Panocracy will return life's meaning. That meaning comes from facing up to the consequences of your own decisions and not being able to blame someone else: I can make a difference. I can do something important. It matters if I get it right or wrong. I have the freedom to take the consequence. I matter. I belong.
One Size Fits All
When I was a child I brushed my teeth twice a day – because that's what my dentist told me to do and I was a good boy who (usually) did what he was told. This is what they told everyone to do. It turned out that they were just blindly passing on 'health advice'. It wasn't enough: my teeth soon needed fillings – and after a few years the fillings themselves needed repaired. Well, you might have been there yourself. I finally cottoned on to the fact that dentists may not know everything about teeth! I started experimenting with different cleaning techniques until I found what worked for me. The one-size-fits-all health advice had been a failure.
Everyone is different. Things generally go a lot better when people are treated as - and behave as - individuals rather than homogeneous groups or averages. This is the antithesis of our current institutional approach in which a few people, those who run the agency, make decisions on behalf of the many who are its customers. Even if those few – like my dentist – have good intentions, the group still fails the individual.
All groups, agencies and organisations suffer from this problem – the larger they are, the bigger the problem. If you've ever been the customer of a small company, you'll probably have found them much more helpful than a large corporation. And so it is with all institutions.
Government is typically the largest agency we deal with and the approaches to the problem of individuality here range from outright tyranny in which everyone is compelled by force to do what the government says to widespread cheating where rules and laws are routinely broken - and no one cares.
Panocracy recognises the needs and skills of the individual within the group. In fact it relies on them. In our panocracy there is no political bureaucracy run by a few grandees who dictate the future according to their own prejudices. In our panocracy we leverage communications technology to give all of us a say. We all have prejudices; we're each right about many things and wrong about many others. We have to face up to this and stop pretending that one size can ever fit all.

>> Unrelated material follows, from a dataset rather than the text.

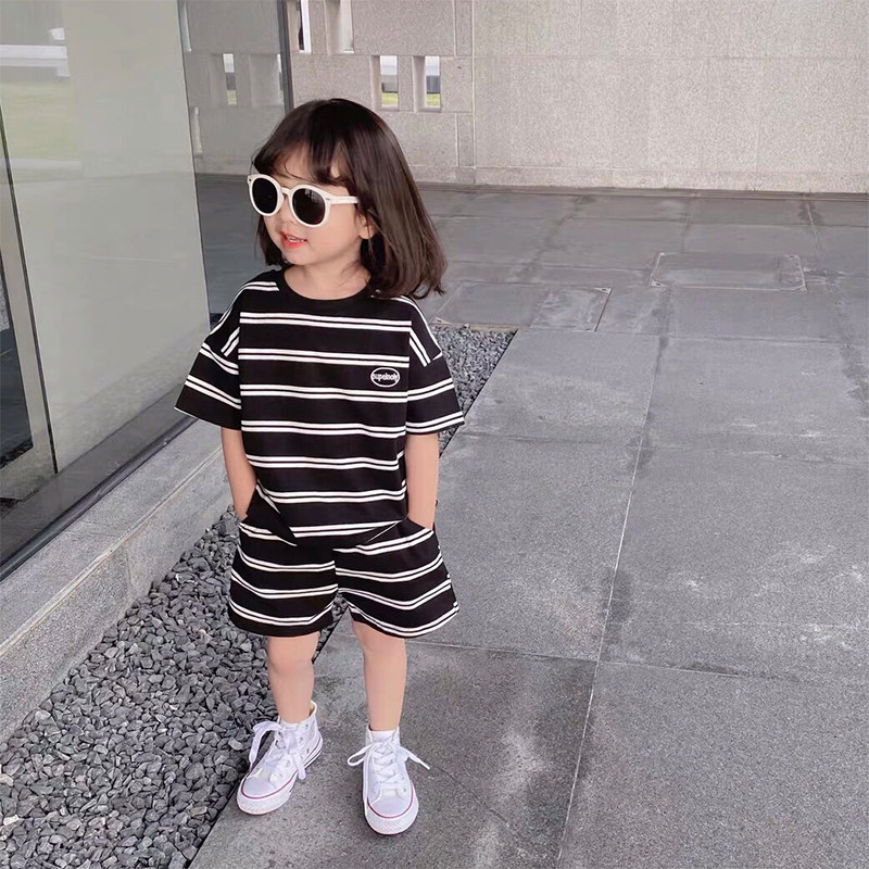 Летний комплект, детские штаны для отдыха, спортивный костюм, в корейском стиле, короткий рукав

Panocracy captures these politically opposing views and subjects them to scrutiny by intense, detailed and honest debate. Hegel called this process the dialectic (a word that was later misappropriated by Marx) . When the outcome of the debate becomes clear, the arguments that have prevailed can be put to the vote by the citizenry. This all sounds very ideological but it has already been shown to work in science and engineering, so why not in human affairs?
All this is practical only with a good communications system like the one the world has been building for the past 30 years. The idea of panocracy, although it's been around for a while, hasn't had a chance to take off until now. As I said in panocracy 3, Confluence, now is our chance to make it happen and avoid a catastrophe.